Question #2bf92

1 Answer
Apr 29, 2016


Hydrogen gas, #"H"_2#


The balanced chemical equation that describes a particular reaction essentially tells you how many molecules of each reactant are needed in order for the reaction to take place.

More specifically, the coefficients that follow each chemical species that takes part in the reaction tells you how many molecules are involved in that reaction.

In your case, the balanced chemical equation that describes the synthesis of water looks like this

#color(red)(2)"H"_ (2(g)) + "O"_ (2(g)) -> 2"H"_ 2"O"_ ((l))#

This tells you that #color(red)(2)# molecules of hydrogen gas will react with #1# molecule of oxygen gas, and form #2# molecules of water.

Now, because molecules are so very, very small, we usually work with very large collections of molecules called moles.

A mole is simply a collection of #6.022 * 10^(23)# molecules of a substance #-># this is known as Avogadro's number.

This means that the above reaction can be said to consume #color(red)(2)# moles of hydrogen gas for every #1# mole of oxygen gas and produce #2# moles of water.

You know that your container contains #8# moles of hydrogen gas and #8# moles of oxygen gas.

In order to find the limiting reagent, you must determine which reactant will be completely consumed before every molecule of the other reactant gets the chance to take part in the reaction.
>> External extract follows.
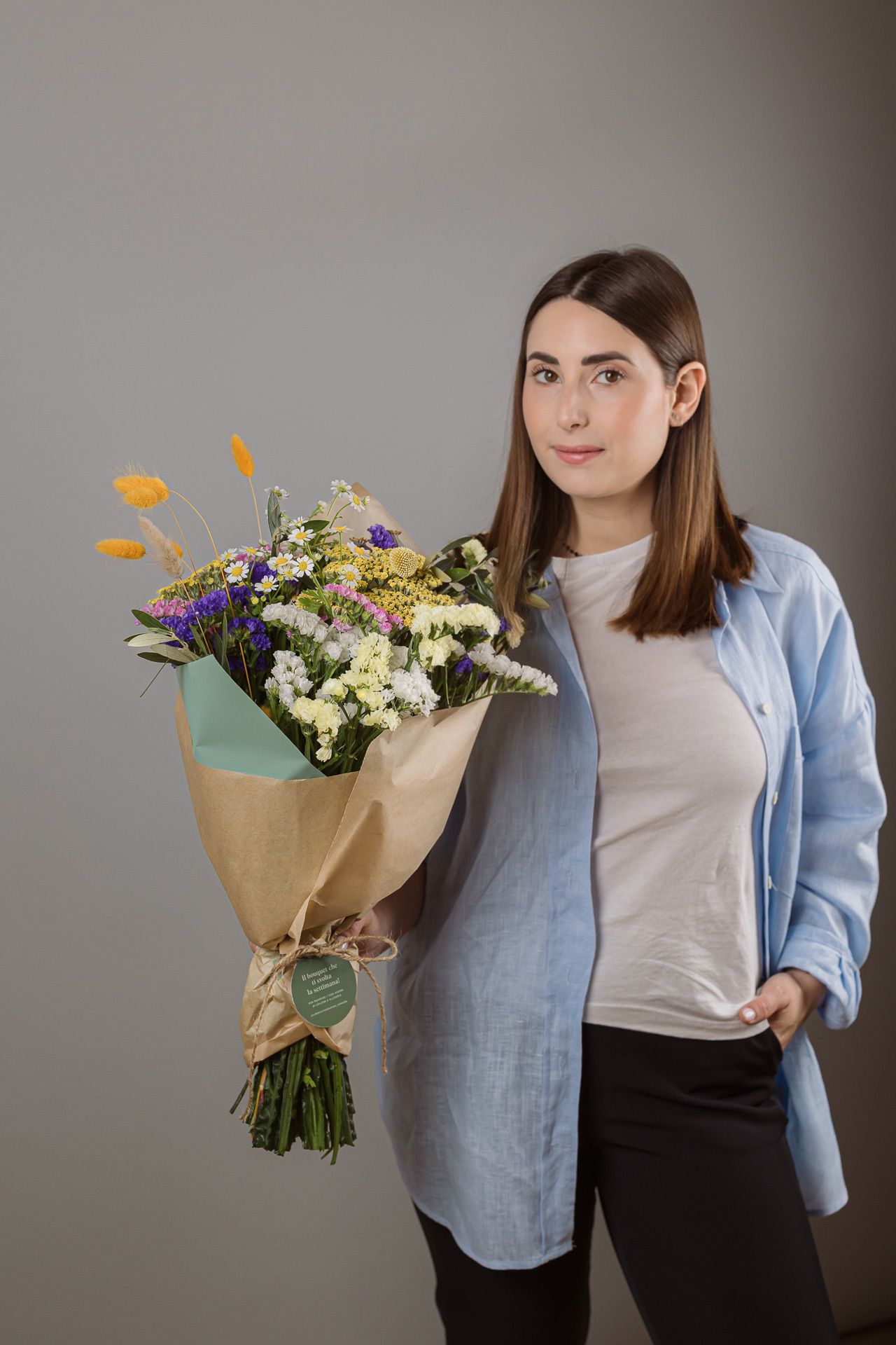 I fiori possono variare secondo disponibilità, mantenendo lo stile del bouquet.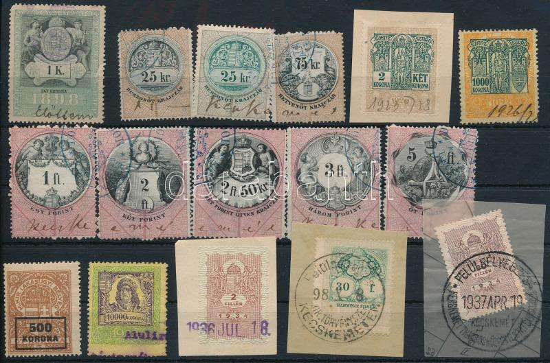 16 db Okmány és Illetékbélyeg közepes stecklapon

Since the reaction consumes twice as many moles of hydrogen gas than it does of oxygen gas, and since you have equal numbers of moles of each present in the mixture, you can say that hydrogen gas will be your limiting reagent.

More specifically, the reaction will consume all the moles of hydrogen gas and only

#8 color(red)(cancel(color(black)("moles H"_2))) * "1 mole O"_2/(color(red)(2)color(red)(cancel(color(black)("moles H"_2)))) = "4 moles O"_2#

The remaining #4# moles of oxygen gas will not take part in the reaction because there are no more moles of hydrogen gas left.

Therefore, hydrogen gas, #"H"_2#, will be your limiting reagent.